* [Task]
For the listing below, the answer is an exact retyping of the lines from the one with "泡の発生する汚水の処理 に |" through the one with "Джерело напруги з", both included, without pictures.

* [Information given]
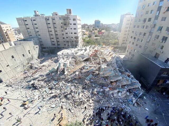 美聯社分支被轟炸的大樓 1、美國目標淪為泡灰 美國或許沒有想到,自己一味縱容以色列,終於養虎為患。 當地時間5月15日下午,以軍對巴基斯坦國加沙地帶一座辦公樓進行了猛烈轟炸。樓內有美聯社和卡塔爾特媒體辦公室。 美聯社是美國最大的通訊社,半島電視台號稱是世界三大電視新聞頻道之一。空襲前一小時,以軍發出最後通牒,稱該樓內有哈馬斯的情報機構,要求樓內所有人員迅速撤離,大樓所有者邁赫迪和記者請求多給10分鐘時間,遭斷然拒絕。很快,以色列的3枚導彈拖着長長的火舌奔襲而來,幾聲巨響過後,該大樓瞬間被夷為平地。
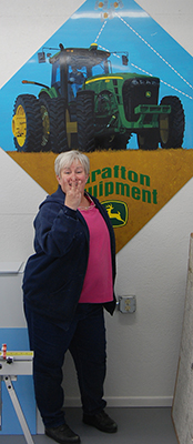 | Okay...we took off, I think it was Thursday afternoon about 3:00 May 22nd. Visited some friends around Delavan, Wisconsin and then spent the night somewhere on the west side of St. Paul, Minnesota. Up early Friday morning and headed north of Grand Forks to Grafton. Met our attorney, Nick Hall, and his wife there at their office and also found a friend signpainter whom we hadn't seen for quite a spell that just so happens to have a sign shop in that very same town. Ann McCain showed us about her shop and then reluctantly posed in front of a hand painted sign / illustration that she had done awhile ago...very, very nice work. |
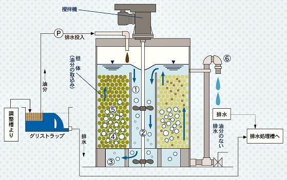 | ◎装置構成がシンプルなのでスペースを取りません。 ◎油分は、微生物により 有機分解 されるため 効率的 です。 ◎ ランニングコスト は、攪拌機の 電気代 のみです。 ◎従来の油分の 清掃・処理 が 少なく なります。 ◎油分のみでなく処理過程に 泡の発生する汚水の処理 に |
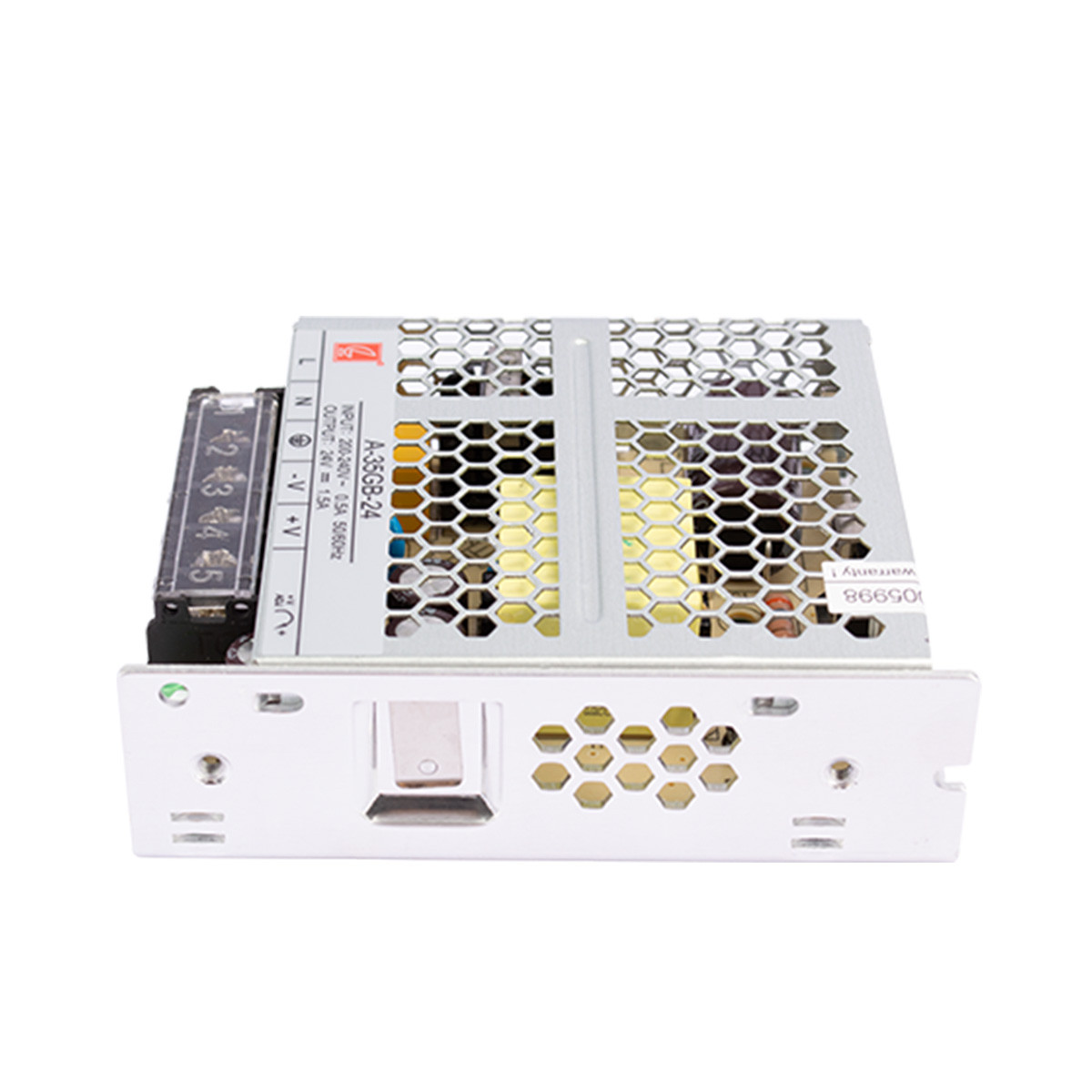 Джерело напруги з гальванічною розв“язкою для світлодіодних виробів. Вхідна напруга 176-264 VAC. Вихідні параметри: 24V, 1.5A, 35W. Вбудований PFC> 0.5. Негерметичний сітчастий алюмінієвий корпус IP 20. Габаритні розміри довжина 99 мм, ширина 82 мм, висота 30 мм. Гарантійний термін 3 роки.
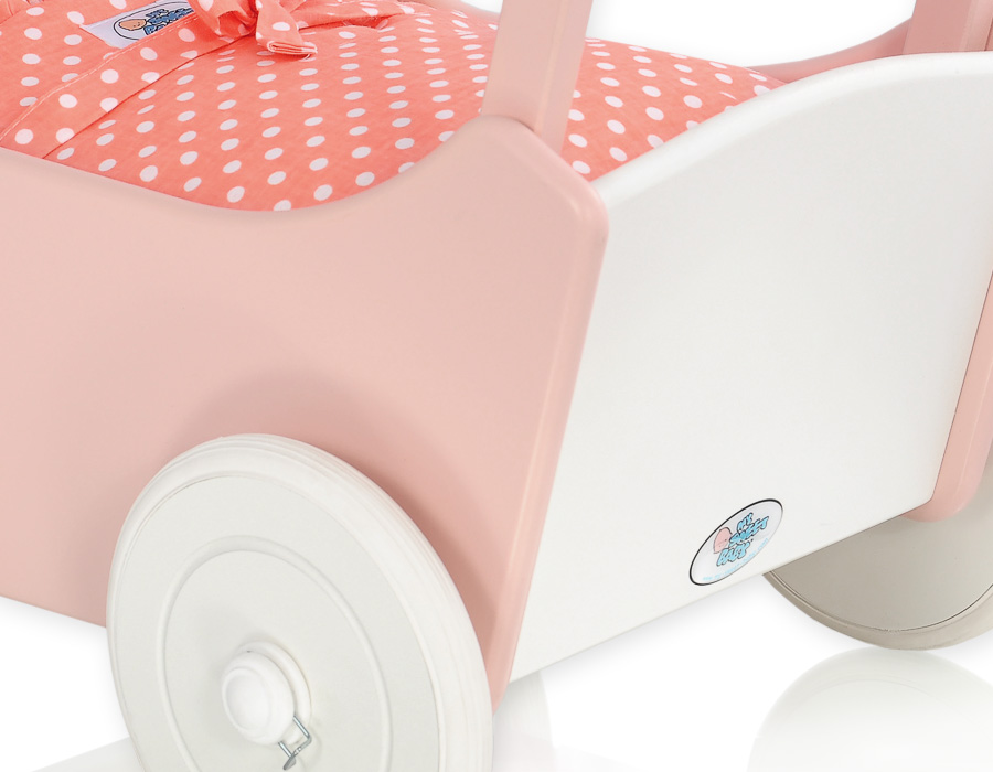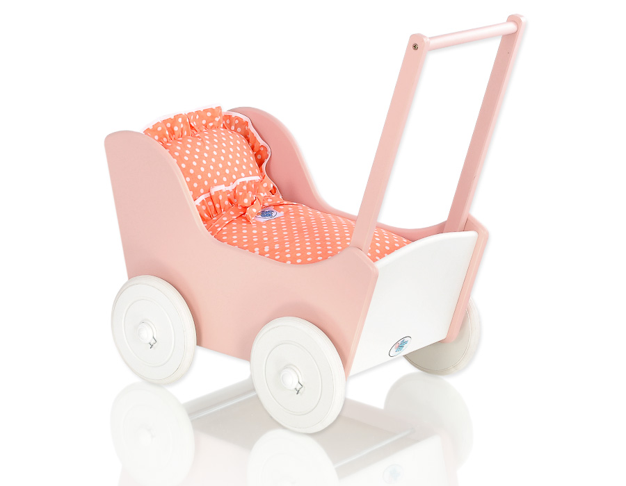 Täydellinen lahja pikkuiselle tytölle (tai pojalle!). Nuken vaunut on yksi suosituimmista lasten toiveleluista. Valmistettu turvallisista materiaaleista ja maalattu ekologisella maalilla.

* [Solution to the exercise]
 | ◎装置構成がシンプルなのでスペースを取りません。 ◎油分は、微生物により 有機分解 されるため 効率的 です。 ◎ ランニングコスト は、攪拌機の 電気代 のみです。 ◎従来の油分の 清掃・処理 が 少なく なります。 ◎油分のみでなく処理過程に 泡の発生する汚水の処理 に |
 Джерело напруги з гальванічною розв“язкою для світлодіодних виробів. Вхідна напруга 176-264 VAC. Вихідні параметри: 24V, 1.5A, 35W. Вбудований PFC> 0.5. Негерметичний сітчастий алюмінієвий корпус IP 20. Габаритні розміри довжина 99 мм, ширина 82 мм, висота 30 мм. Гарантійний термін 3 роки.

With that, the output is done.